Available data:
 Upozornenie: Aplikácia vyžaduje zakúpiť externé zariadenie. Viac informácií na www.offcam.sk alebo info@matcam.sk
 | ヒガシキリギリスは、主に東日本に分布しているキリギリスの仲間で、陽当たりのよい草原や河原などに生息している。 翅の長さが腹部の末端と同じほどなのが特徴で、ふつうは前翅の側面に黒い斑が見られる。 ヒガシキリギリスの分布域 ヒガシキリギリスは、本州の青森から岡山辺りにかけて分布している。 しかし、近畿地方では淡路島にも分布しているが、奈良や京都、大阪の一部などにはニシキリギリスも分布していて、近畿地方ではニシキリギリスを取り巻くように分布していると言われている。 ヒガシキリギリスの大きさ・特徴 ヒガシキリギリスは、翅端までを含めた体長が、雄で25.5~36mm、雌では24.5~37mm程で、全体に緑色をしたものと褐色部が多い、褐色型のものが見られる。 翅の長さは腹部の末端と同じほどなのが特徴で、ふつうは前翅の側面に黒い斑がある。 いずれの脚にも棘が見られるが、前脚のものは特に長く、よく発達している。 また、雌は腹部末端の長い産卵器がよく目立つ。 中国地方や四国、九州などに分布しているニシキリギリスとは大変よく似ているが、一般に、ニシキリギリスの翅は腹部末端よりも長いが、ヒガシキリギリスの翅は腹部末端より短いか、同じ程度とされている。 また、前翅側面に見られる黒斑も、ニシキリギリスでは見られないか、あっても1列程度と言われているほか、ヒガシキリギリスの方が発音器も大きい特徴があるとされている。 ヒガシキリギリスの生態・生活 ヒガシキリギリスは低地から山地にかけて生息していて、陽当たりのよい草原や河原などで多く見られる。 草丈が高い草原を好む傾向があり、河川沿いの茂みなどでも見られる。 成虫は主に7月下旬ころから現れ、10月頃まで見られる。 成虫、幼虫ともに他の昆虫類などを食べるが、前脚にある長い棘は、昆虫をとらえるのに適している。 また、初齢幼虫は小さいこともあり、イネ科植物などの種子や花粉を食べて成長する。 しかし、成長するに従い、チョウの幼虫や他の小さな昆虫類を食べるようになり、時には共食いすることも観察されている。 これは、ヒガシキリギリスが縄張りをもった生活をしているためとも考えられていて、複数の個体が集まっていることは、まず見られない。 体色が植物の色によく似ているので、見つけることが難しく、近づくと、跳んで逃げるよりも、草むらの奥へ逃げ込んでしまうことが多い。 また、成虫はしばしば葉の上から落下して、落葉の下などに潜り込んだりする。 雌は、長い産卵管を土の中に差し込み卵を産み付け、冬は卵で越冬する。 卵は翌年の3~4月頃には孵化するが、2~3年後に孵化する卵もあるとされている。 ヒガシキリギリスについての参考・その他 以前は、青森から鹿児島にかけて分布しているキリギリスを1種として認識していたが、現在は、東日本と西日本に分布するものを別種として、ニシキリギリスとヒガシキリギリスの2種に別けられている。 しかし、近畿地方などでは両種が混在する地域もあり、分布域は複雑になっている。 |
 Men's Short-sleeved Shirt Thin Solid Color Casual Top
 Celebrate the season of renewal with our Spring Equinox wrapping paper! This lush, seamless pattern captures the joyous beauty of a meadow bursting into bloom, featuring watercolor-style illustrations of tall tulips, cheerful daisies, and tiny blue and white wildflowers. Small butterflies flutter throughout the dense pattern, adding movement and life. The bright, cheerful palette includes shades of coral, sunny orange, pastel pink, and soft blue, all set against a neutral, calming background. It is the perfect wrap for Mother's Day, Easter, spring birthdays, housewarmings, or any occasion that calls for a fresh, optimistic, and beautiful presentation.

Task goal: Print the entire listing above once more, with nothing changed.

Result of the exercise:
 Upozornenie: Aplikácia vyžaduje zakúpiť externé zariadenie. Viac informácií na www.offcam.sk alebo info@matcam.sk
 | ヒガシキリギリスは、主に東日本に分布しているキリギリスの仲間で、陽当たりのよい草原や河原などに生息している。 翅の長さが腹部の末端と同じほどなのが特徴で、ふつうは前翅の側面に黒い斑が見られる。 ヒガシキリギリスの分布域 ヒガシキリギリスは、本州の青森から岡山辺りにかけて分布している。 しかし、近畿地方では淡路島にも分布しているが、奈良や京都、大阪の一部などにはニシキリギリスも分布していて、近畿地方ではニシキリギリスを取り巻くように分布していると言われている。 ヒガシキリギリスの大きさ・特徴 ヒガシキリギリスは、翅端までを含めた体長が、雄で25.5~36mm、雌では24.5~37mm程で、全体に緑色をしたものと褐色部が多い、褐色型のものが見られる。 翅の長さは腹部の末端と同じほどなのが特徴で、ふつうは前翅の側面に黒い斑がある。 いずれの脚にも棘が見られるが、前脚のものは特に長く、よく発達している。 また、雌は腹部末端の長い産卵器がよく目立つ。 中国地方や四国、九州などに分布しているニシキリギリスとは大変よく似ているが、一般に、ニシキリギリスの翅は腹部末端よりも長いが、ヒガシキリギリスの翅は腹部末端より短いか、同じ程度とされている。 また、前翅側面に見られる黒斑も、ニシキリギリスでは見られないか、あっても1列程度と言われているほか、ヒガシキリギリスの方が発音器も大きい特徴があるとされている。 ヒガシキリギリスの生態・生活 ヒガシキリギリスは低地から山地にかけて生息していて、陽当たりのよい草原や河原などで多く見られる。 草丈が高い草原を好む傾向があり、河川沿いの茂みなどでも見られる。 成虫は主に7月下旬ころから現れ、10月頃まで見られる。 成虫、幼虫ともに他の昆虫類などを食べるが、前脚にある長い棘は、昆虫をとらえるのに適している。 また、初齢幼虫は小さいこともあり、イネ科植物などの種子や花粉を食べて成長する。 しかし、成長するに従い、チョウの幼虫や他の小さな昆虫類を食べるようになり、時には共食いすることも観察されている。 これは、ヒガシキリギリスが縄張りをもった生活をしているためとも考えられていて、複数の個体が集まっていることは、まず見られない。 体色が植物の色によく似ているので、見つけることが難しく、近づくと、跳んで逃げるよりも、草むらの奥へ逃げ込んでしまうことが多い。 また、成虫はしばしば葉の上から落下して、落葉の下などに潜り込んだりする。 雌は、長い産卵管を土の中に差し込み卵を産み付け、冬は卵で越冬する。 卵は翌年の3~4月頃には孵化するが、2~3年後に孵化する卵もあるとされている。 ヒガシキリギリスについての参考・その他 以前は、青森から鹿児島にかけて分布しているキリギリスを1種として認識していたが、現在は、東日本と西日本に分布するものを別種として、ニシキリギリスとヒガシキリギリスの2種に別けられている。 しかし、近畿地方などでは両種が混在する地域もあり、分布域は複雑になっている。 |
 Men's Short-sleeved Shirt Thin Solid Color Casual Top
 Celebrate the season of renewal with our Spring Equinox wrapping paper! This lush, seamless pattern captures the joyous beauty of a meadow bursting into bloom, featuring watercolor-style illustrations of tall tulips, cheerful daisies, and tiny blue and white wildflowers. Small butterflies flutter throughout the dense pattern, adding movement and life. The bright, cheerful palette includes shades of coral, sunny orange, pastel pink, and soft blue, all set against a neutral, calming background. It is the perfect wrap for Mother's Day, Easter, spring birthdays, housewarmings, or any occasion that calls for a fresh, optimistic, and beautiful presentation.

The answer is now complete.